Council is already looking at some “daunting” numbers in its budget-planning process even though financial planning for 2013 is just getting underway.

At its first financial planning meetings Monday and Tuesday morning, council deliberated the base budget – services such as policing and fire that the city has no choice but to fund.

Due to inflationary items, contractual increases, wage settlements, and changes imposed on the city through legislation, council is facing a $713,600 increase in protective services.

Just that figure alone, if borne solely by the residential sector, would equate to a 4.75 per cent residential tax increase for 2013, however that is a preliminary calculation as the tax rate won’t be debated until February after service levels have been adjusted.

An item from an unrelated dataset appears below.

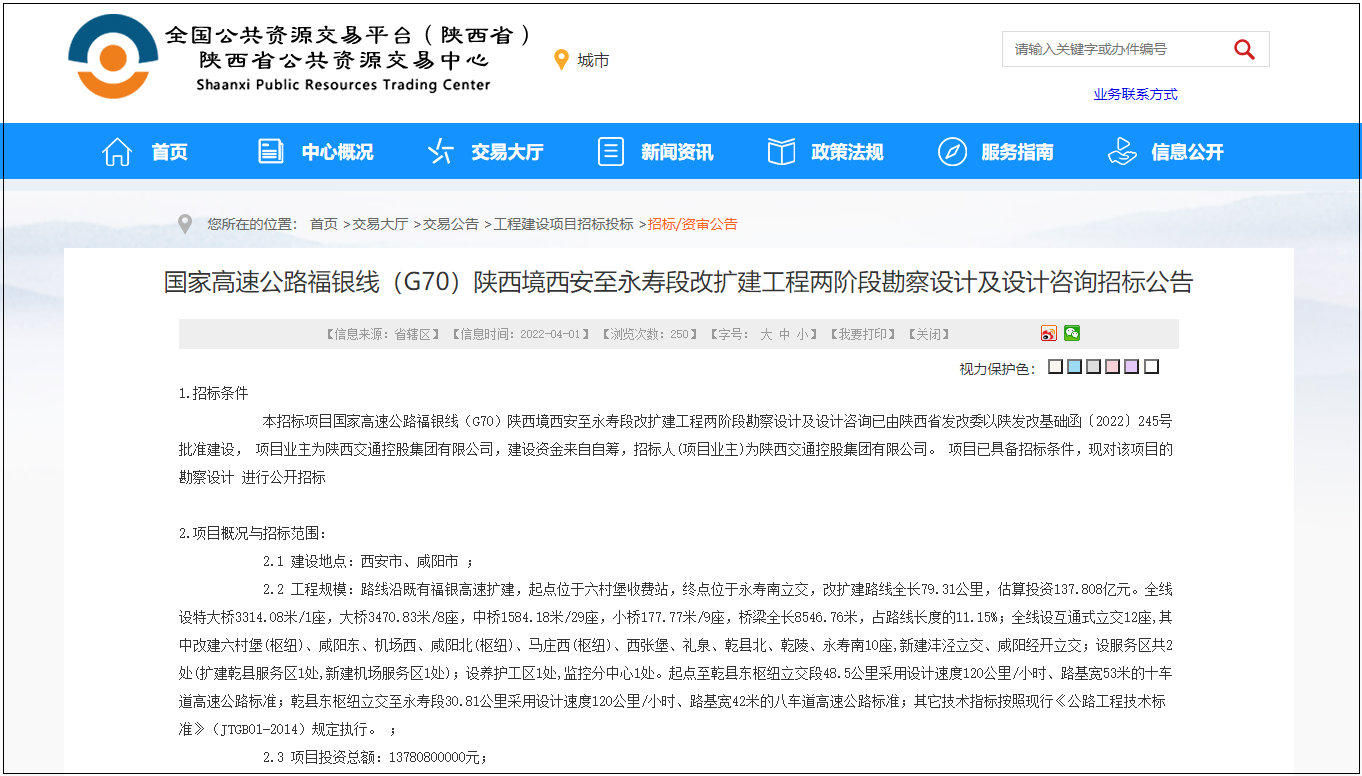 2022年4月1日,陕西省公共资源交易中心发布国家高速公路福银线(G70)陕西境西安至永寿段改扩建工程两阶段勘察设计及设计咨询招标公告,所属行业公路,招标人陕西交通控股集团有限公司,项目总投资137.8亿元。

The biggest impacts to the base budget are an extra $660,335 in CUPE (Canadian Union of Public Employees), the fire fighters union, and management wage and benefit increases, as well as a $448,087 increase in the RCMP contract.

The base budget also includes an $88,000 reduction due to the loss of a roads foreman position as well as an extra $420,013 because the city has completed payments on the Community Centre, and an additional $14,500 in revenue generated from bylaw enforcement.

With the above reductions and increases, staff have a preliminary figure of a 2.89 per cent residential tax increase, barring each of the water, sewer, storm, and parks parcel taxes all remain the same as in 2012.

That would mean $1,384 in property taxes for the average home assessed at $268,000, an increase of $41 over 2012.

Coun. Andy Adams said having budget planning begin earlier than usual and having the budget process split into three different sections will help mitigate a difficult situation.

“In my seven years on council this is the first time we’ve had this level of detail or opportunity before the fiscal year,” Adams said. “The numbers provided are daunting and the division of A, B, and C will do a number of things.

“First, by dealing with part A now, we’re enabling staff to move forward with plans right at the get go. Any changes can take effect at the beginning of the fiscal year.”

Mayor Walter Jakeway, who has been advocating for an earlier budget planning process for more than a year said having the budget formed by March will allow council to turn its attention toward other pressing issues.

“To have this process going on in December is a monumental change,” Jakeway said. “It will allow things to be calmer in 2013 and it will allow council to do other things. I can only see good things come out of this change.”

Adams agreed.

“I think this puts us in an excellent position to see the bigger picture,” he said while reminding his fellow councillors to think a few months down the road when making decisions.

“When you take a look at the numbers before us today,” Adams said during the first budget meeting Monday morning. “Just as being the base, it’s a 2.89 per cent increase (over last year). Then when we get to part C, anything we add onto that will add a percentage increase to that amount.”

Coun. Claire Moglove expressed concern with how high the increase over last year is before even getting into service and taxation levels, which will be part C, scheduled for February.

“If it wasn’t for the fact the payments for the Community Centre are coming to an end, it would be closer to five per cent,” Moglove said. “I think it shows how difficult it is to control the budget. We’re just starting and it’s already a five per cent increase if not for Community Centre payments coming to an end.”

As it stands now, city expenses for 2013 include: Administration ($1.8 million); Police ($8.4 million); Fire ($4.6 million); Corporate Services ($6.7 million); Facilities and Supply Management ($2.1 million); Operations ($11.4 million); Parks, Recreation and Culture ($5.9 million) as well as $3.8 million for water, $3.3 million in sewer costs and $2.7 million for the airport.